- Classification: Division I
- Season: 2017–18
- Teams: 4
- Site: Palestra Philadelphia, Pennsylvania
- Champions: Princeton (1st title)
- Winning coach: Courtney Banghart (1st title)
- Television: ESPNU, ESPN3

= 2018 Ivy League women's basketball tournament =

Women's basketball tournament

The 2018 Ivy League women's basketball tournament is a women's college conference tournament held March 10 and 11, 2018, at the Palestra on the campus of the University of Pennsylvania in Philadelphia. Princeton defeated Penn, 63–34, in the championship game to earn the Ivy League's automatic bid to the 2018 NCAA tournament.

==Seeds==
Only the top four teams in the 2017–18 Ivy League regular-season standings participated in the tournament and were seeded according to their records in conference play, resulting in a Shaughnessy playoff.

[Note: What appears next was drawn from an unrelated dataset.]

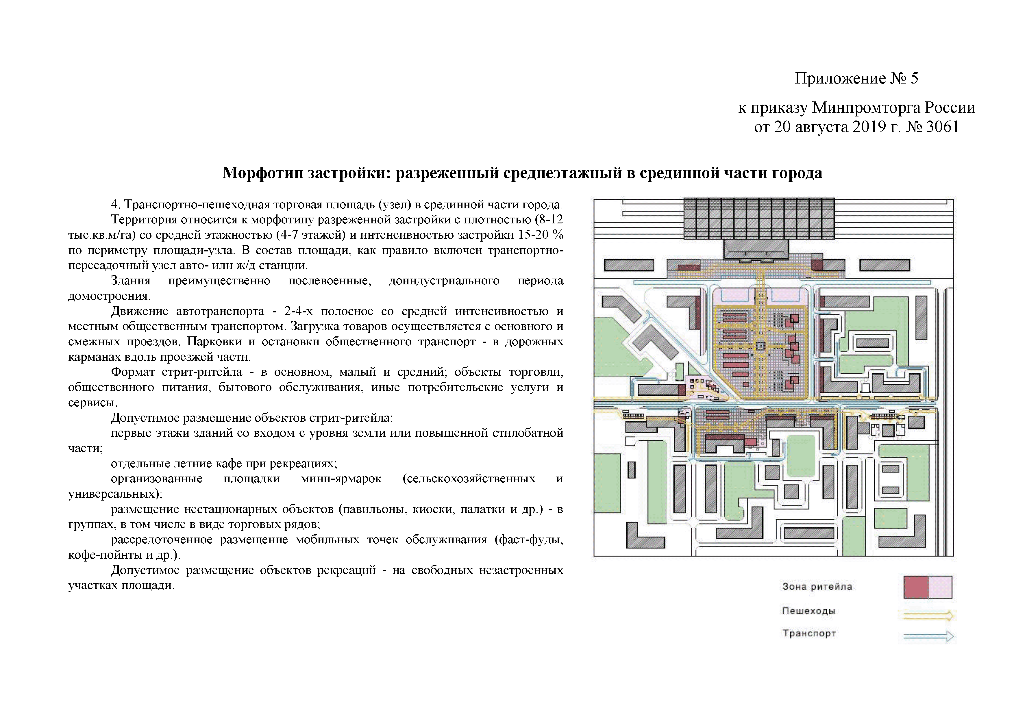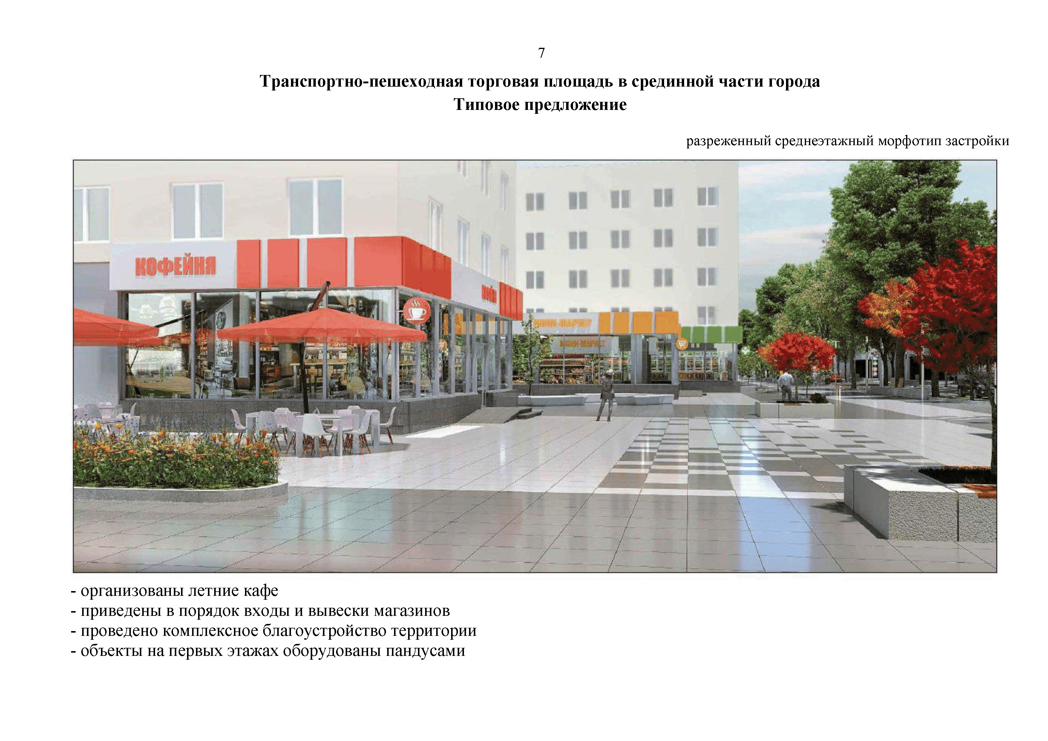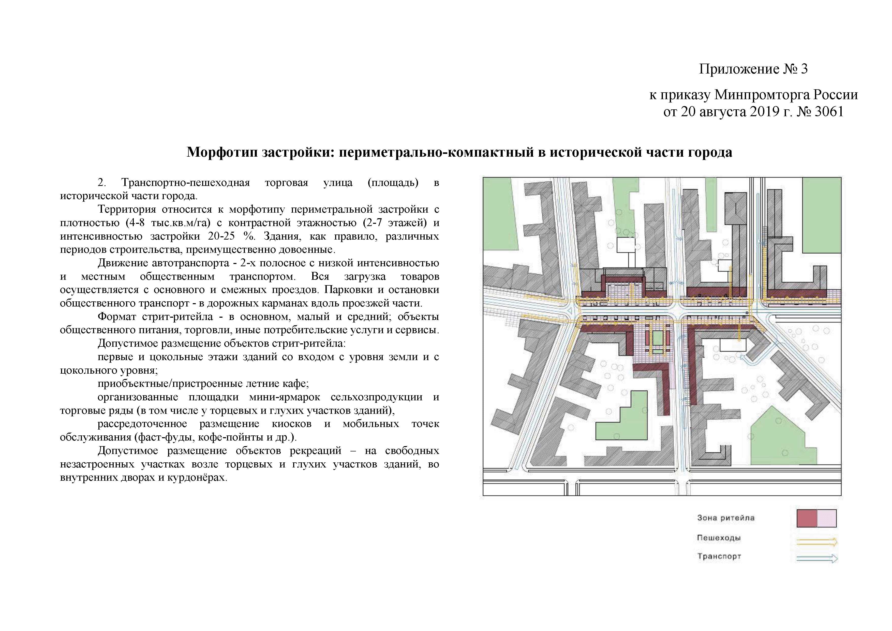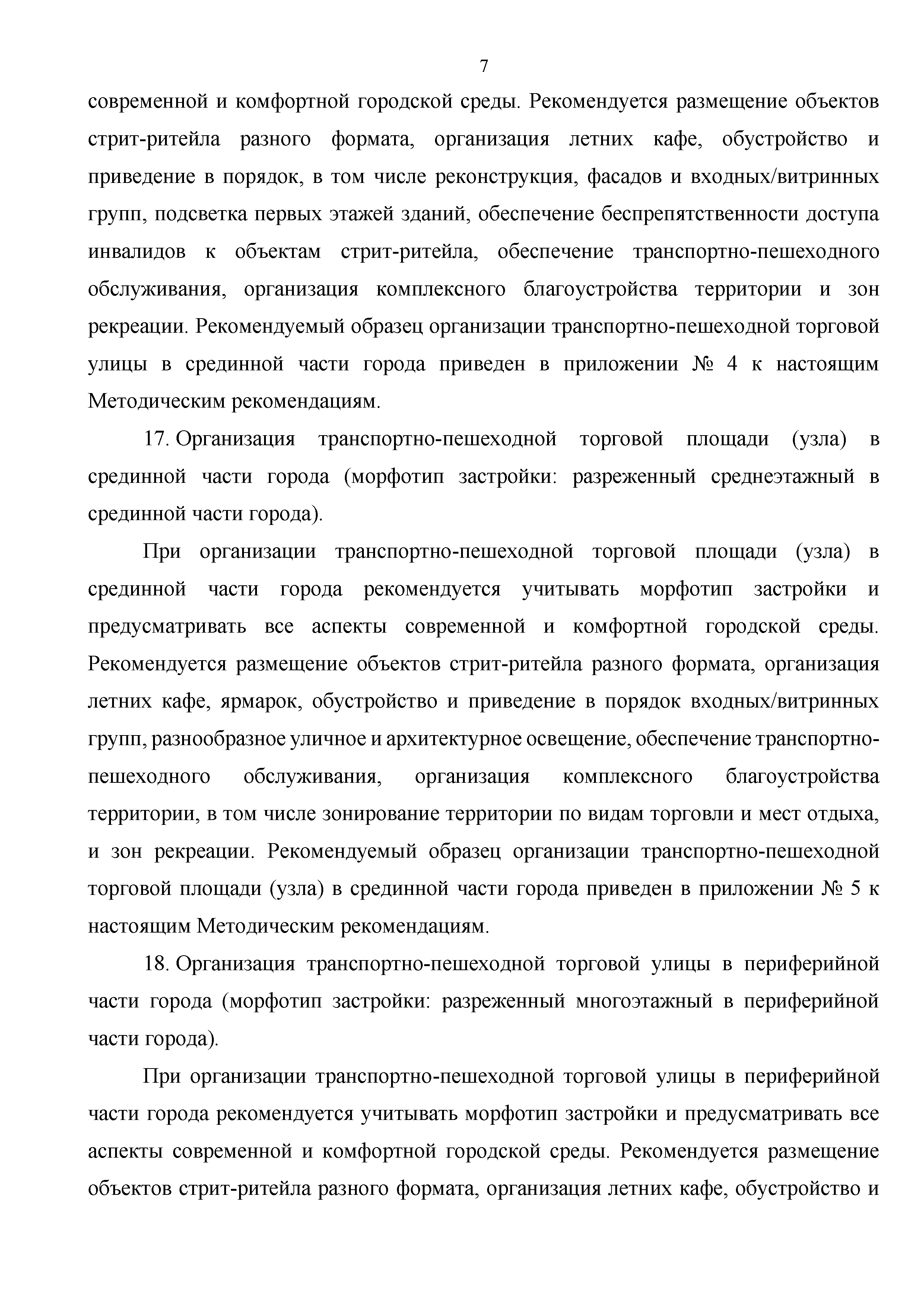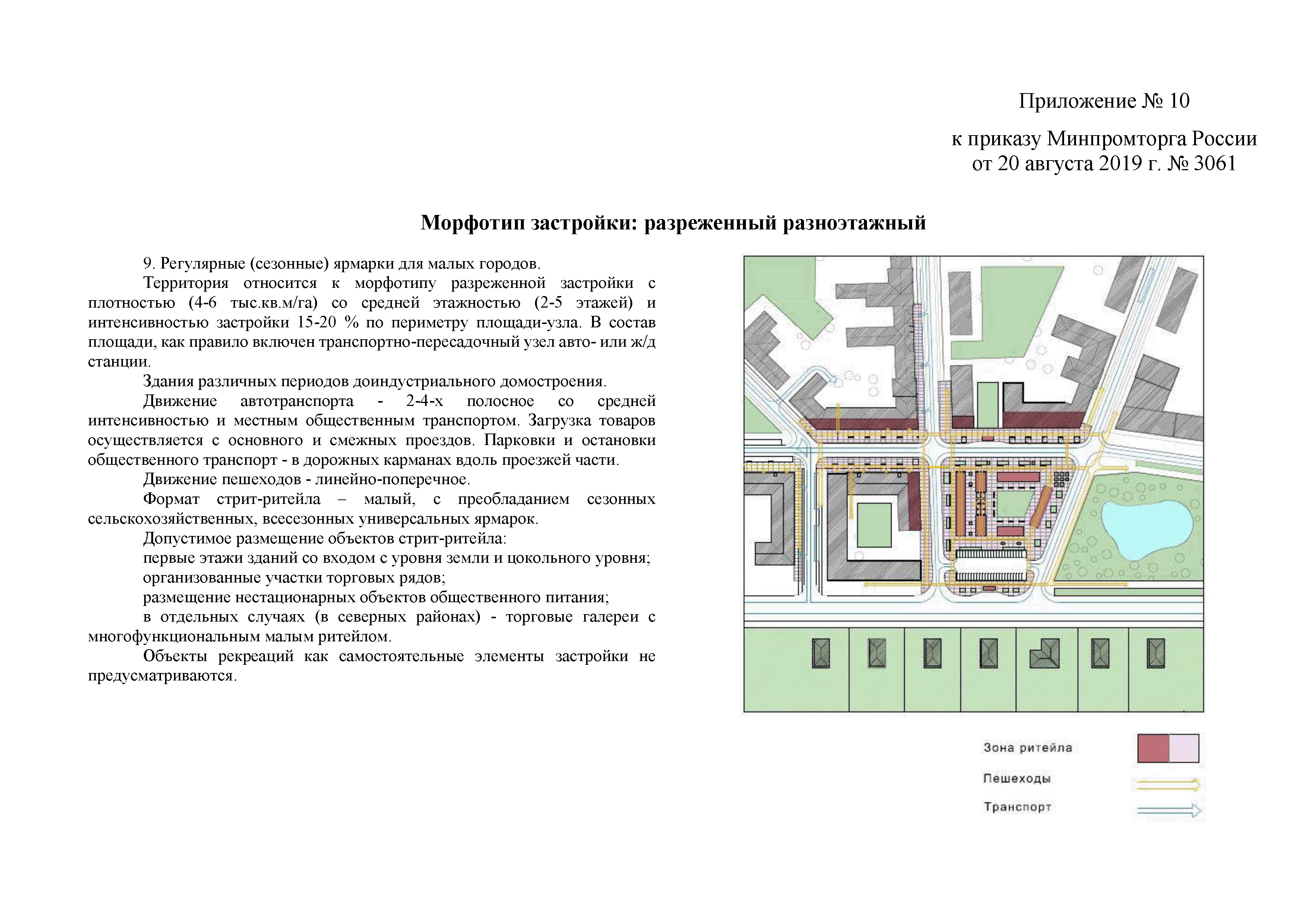 | Оглавление: | I. Общие положения II. Рекомендации при проведении анализа потенциала пространственной организации стрит-ритейла III. Рекомендуемые модели организации стрит-ритейла на общественных пространствах (торговых улицах) Приложение № 1. Группы городов по численности населения. Размещение объектов ритейла в городской застройке Приложение № 2. Рекомендуемый образец организации пешеходной торговой улицы в исторической части города при периметрально-компактном морфотипе застройки Приложение № 3. Рекомендуемый образец организации транспортно-пешеходной торговой улицы в исторической части города при периметрально-компактном морфотипе застройки Приложение № 4. Рекомендуемый образец организации транспортно-пешеходной торговой улицы в срединной части города при разреженном среднеэтажном морфотипе застройки Приложение № 5. Рекомендуемый образец организации транспортно-пешеходной торговой площади в срединной части города при разреженном среднеэтажном морфотипе застройки Приложение № 6. Рекомендуемый образец организации транспортно-пешеходной торговой улицы в периферийной части города при разреженном многоэтажном морфотипе застройки Приложение № 7. Рекомендуемый образец организации транспортно-пешеходной торговой площади в периферийный части города при разреженном многоэтажном морфотипе застройки Приложение № 8. Рекомендуемый образец организации транспортно-пешеходной торговой улицы в курортной зоне города при смешанном среднеэтажном морфотипе застройки Приложение № 9. Рекомендуемый образец организации пешеходной торговой площади в туристической зоне города при периметрально-компактном морфотипе застройки Приложение № 10. Рекомендуемый образец организации регулярной ярмарки для малых городов при разреженном разноэтажном морфотипе застройки Приложение № 11. Рекомендуемый образец организации общественных территорий городской рекреации на незастроенных территориях |

| Seed | School | Conference |
|---|---|---|
| 1 | Princeton | 12–2 (24–5) |
| 2 | Penn | 11–3 (21–8) |
| 3 | Harvard | 10–4 (18–10) |
| 4 | Yale | 8–6 (15–13) |

==Schedule==

| Session | Game | Time* | Matchup^{#} | Television | Attendance |
Semifinals – Saturday, March 10
| 1 | 1 | 6:00 PM | #1 Princeton vs. #4 Yale | ESPN3 |  |
| 2 | 8:30 PM | #2 Penn vs. #3 Harvard |
Championship – Sunday, March 11
| 2 | 3 | 4:00 PM | #1 Princeton vs. #2 Penn | ESPNU |  |

- Game times in Eastern Time. #Rankings denote tournament seeding.